The two entrepreneurs who founded the websites, Jordan Mollenhour and Dustin Gross, also live in Knoxville. No one would open the door at either of their homes.

The only office address Fleischer could locate was for another Knoxville business owned by the pair. The people working inside refused to answer the locked door.

BulkAmmo and LuckyGunner each guarantee on their websites that the products are ready to ship because of a real-time inventory system.

LuckyGunner acknowledges using the shipper in Atlanta. Fleischer found evidence showing BulkAmmo uses Webgistix too, thanks, in part, to a YouTube phenomenon where satisfied customers post videos of themselves opening their packages of ammo.
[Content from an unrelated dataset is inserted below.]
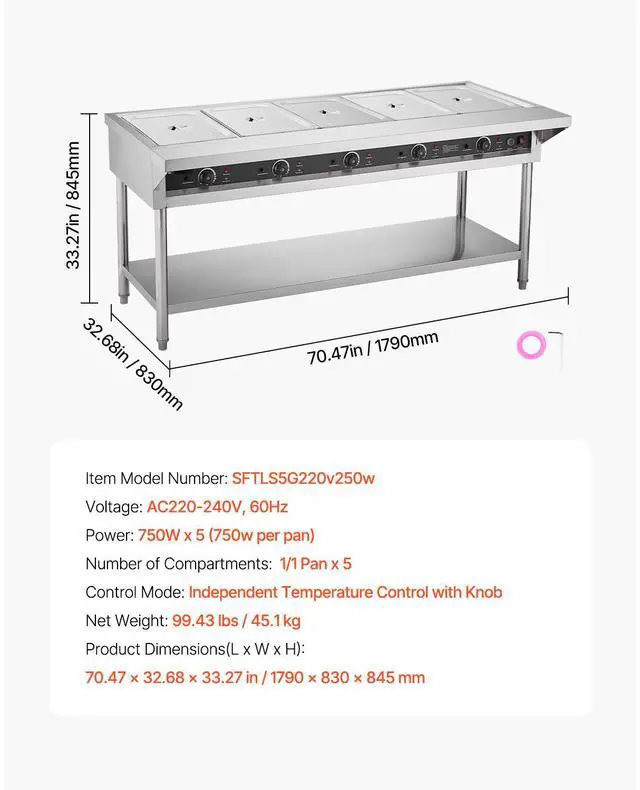 Power: 750W x 5 (750w per pan)
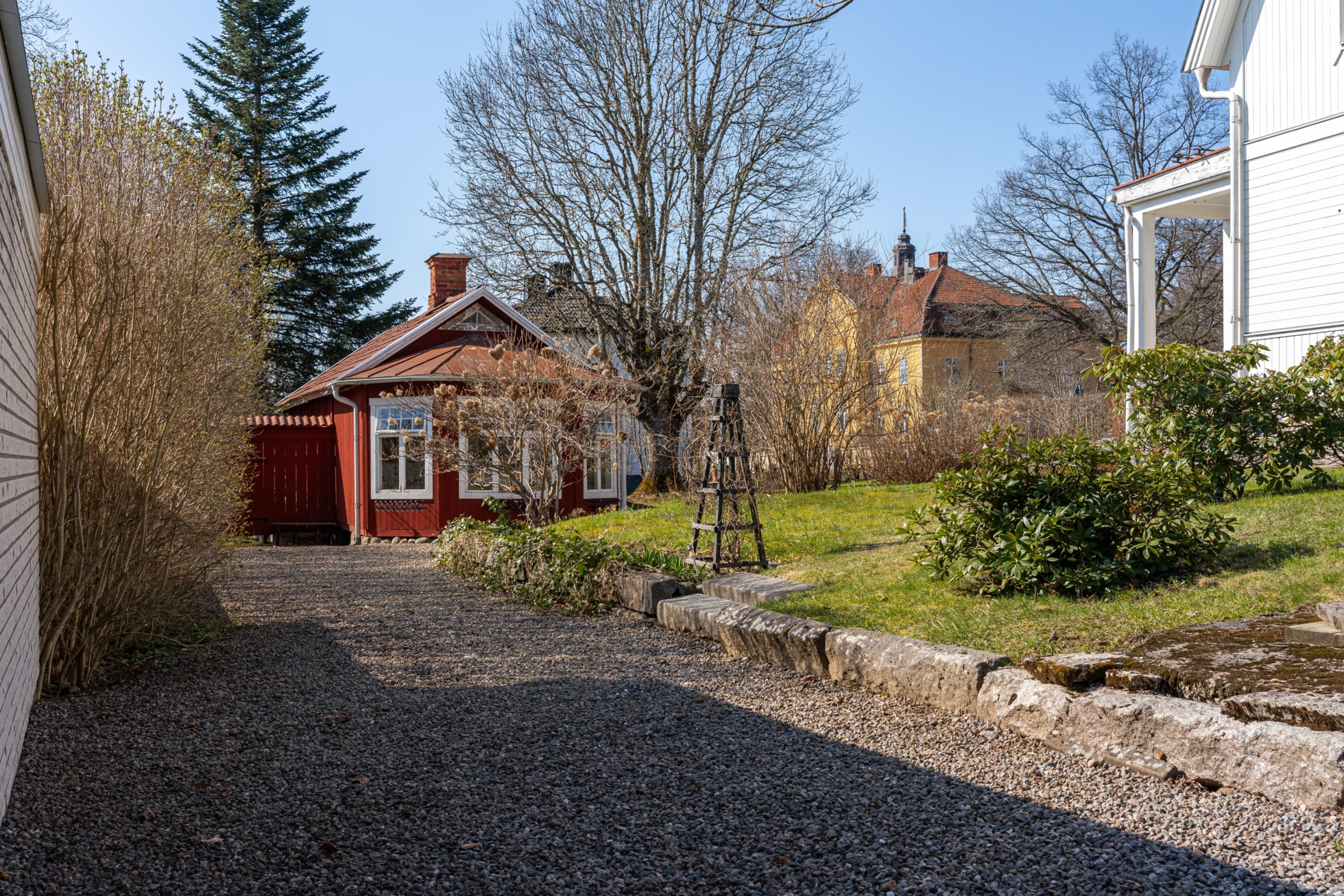 Den lättskötta trädgårdstomten om 1 641 kvm erbjuder generösa ytor för odling, lek och avkoppling. Här finns även ett trivsamt och välhållet renoverat uthus, perfekt som ateljé, hobbyrum eller en social plats för fikastunder och middagar med vänner. I anslutning finns praktiska förråd samt vedförvaring. Bostaden värms upp via fjärrvärme och är ansluten till kommunalt vatten och avlopp. Fiber är indraget.

In several cases, the visible packing slips reveal the address for Webgistix's warehouse in Atlanta.

That means the Fulton County warehouse would have had to store the hundreds of thousands of rounds of ammunition advertised as "in stock" on both websites.

Earlier this month, after Fleischer visited the Atlanta Webgistix warehouse, Channel 2 placed orders with BulkAmmo and LuckyGunner. Both shipments arrived under two new shipper names, each with the same originating address in Knoxville.

But LuckyGunner's federal firearms license doesn't use any of the four Knoxville addresses, it also uses Webgistix's address as its own premises location.

"We just didn't know what the relationship was between the two companies?" Fleischer asked the woman at Wegistix's Atlanta warehouse.

"Unfortunately we can't answer any questions on it," she replied.

Webgistix did have to answer to Fulton County earlier this year, after the county caught the company operating without a business license. The company filed paperwork in May 2013, stating it started operating in June 2012, the same month Holmes ordered his ammunition.

But one of the YouTube videos with an Atlanta packing slip was posted months earlier in February 2012.

Channel 2 also found several Webgistix news releases, saying the actual opening of the Atlanta facility was in October 2011.

"It's outrageous," Kathleen Pourciau said. "They're obviously trying to cover something up. I mean why are they hiding. What are they hiding?"

Fulton County intends to find out.

The county's finance director announced he will audit Webgistix after Channel 2 inquired about the questionable dates on the paperwork.

Pourciau just wants honesty.

"I think in every single business you should always be straightforward and clear cut," she said.

Just hours before our story aired, Channel 2 Action News received a call from a man describing himself as a Webgistix spokesman. He refused to give his name or job title.

The spokesman said any failure to comply with Fulton County’s business license regulations was an oversight and was immediately addressed upon hearing from the county.

He refused to address the inaccuracy in the operating date provided to Fulton County, saying it depended on the definition of the word ‘operating.’

He said Webgistix was unaware that LuckyGunner.com had used the Webgistix warehouse address on its federal firearms license.

He confirmed the online ammunition companies are no longer Webgistix customers and ammunition is no longer stored in the South Fulton warehouse.